Текст книги "Платеро и я. Андалузская элегия"


Автор книги: Хуан Хименес



сообщить о нарушении

Текущая страница: 2 (всего у книги 4 страниц)

Лорд

Не знаю, Платеро, можешь ли ты видеть фотографию. Мне случалось показывать их крестьянам, и те ничего на них не разглядели. Так вот, Платеро, это Лорд, маленький фокстерьер, о котором ты уже слышал. Вот он – видишь? – в углу крытого дворика греется, среди горшков с геранью, на зимнем солнце.

Бедный Лорд. Его привезли из Севильи, где я учился тогда живописи. Был он белый, почти бесцветный от яркого света, круглый, как женское бедро, и кипучий, как вода из-под крана. По белому, там и сям, замершими бабочками – черные мазки. Глаза, две маленькие бездны благородства, светились. В него охотно вселялся бес. И тогда, без никакой причины, он головокружительно носился по дворику, среди белых лилий, которые в мае красовались повсюду, красные, синие, желтые от разноцветного стеклянного навеса, словно те голуби, что рисует дон Камило... А иной раз он забирался на плоские кровли, возбуждая пискливый переполох над гнездами стрижей. Макария мыла его каждое утро, и он сиял, как черепичные зубцы на синем небе.
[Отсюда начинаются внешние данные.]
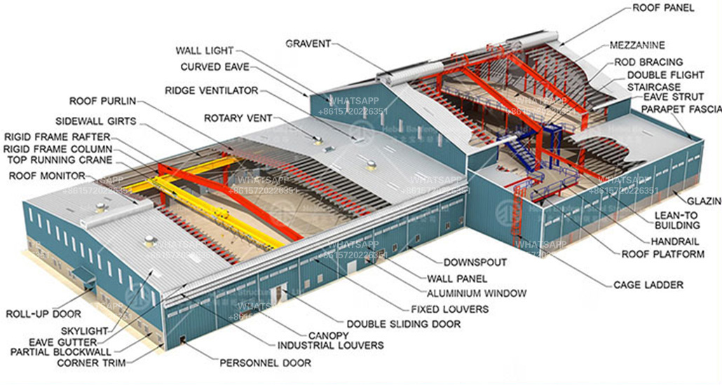 The main frame of the building—columns, beams, trusses, and other elements—is made of steel. The walls and roof are often made of lighter materials like insulated metal panels, creating an efficient and strong enclosure.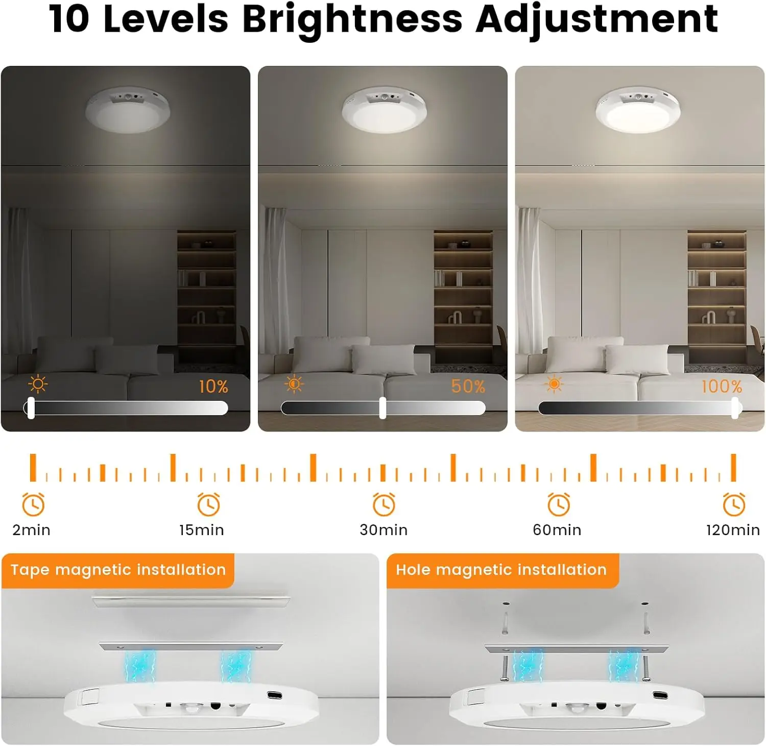 This ceiling light features a rechargeable battery and fully wireless installation, eliminating the need for hardwiring. Ideal for areas without power access such as closets, stairs, hallways, and sheds.

Когда умер отец, Лорд, не смыкая глаз, провел всю ночь у гроба. Помню, мать заболела, и он лег у ее постели и пролежал, без еды, месяц...

Однажды ко мне пришли и сказали, что его укусила бешеная собака. И надо отвести его за Крепость и привязать к апельсинному дереву, подальше от людей.

Когда его повели проулком, он оглянулся. И взгляд его, Платеро, все сверлит мое сердце – он живет, как луч угасшей звезды, превозмогая смерть исступленной силой своей горечи... Всякий раз, когда мне больно, я чувствую этот долгий, долгий взгляд, впечатанный в сердце подобно размокшему следу.

Придорожный цветок

Как чист и чудесен, Платеро, этот цветок при дороге. Проходят орды – быки, козы, кони, люди, – а он, такой мягкий и слабый, стоит по-прежнему прямо, светлый и стройный, на своем одиноком бугорке, в той же нетронутой чистоте.

День за днем, когда мы в начале подъема сворачивали напрямик, ты видел его на весеннем посту. Он уже обзавелся птицей, которая при виде нас улетает (зачем?); иногда его крохотный кубок светится каплей дождя; он уже терпит поборы пчелы и нарядную ветреность бабочки.

Жить ему недолго, Платеро, но помнить о нем надо вечно. И жизнь его станет днем твоей весны, весной моих дней... Что только не отдал бы я осени, Платеро, взамен этого дивного цветка, чтоб час за часом его весна, бесхитростно и бесконечно, воскрешала нашу!

Старик с картинками

Внезапно и однотонно тишину разбивает сухая дробь барабана.

Потом надтреснутый голос заходится в долгом дрожащем выкрике.

Слышится беготня... Дети галдят:

– Картинщик! Картинщик!

На углу, линзой к солнцу, ждет на маленьких козлах зеленый ящик с четырьмя розовыми флажками.

Старик бьет и бьет в барабан. Молчаливым кружком, пряча руки в карманы или за спину, стоит безденежная детвора.

Кто-то, наконец, прибегает с медяком на ладони. Протискивается вперед и приникает к окуляру.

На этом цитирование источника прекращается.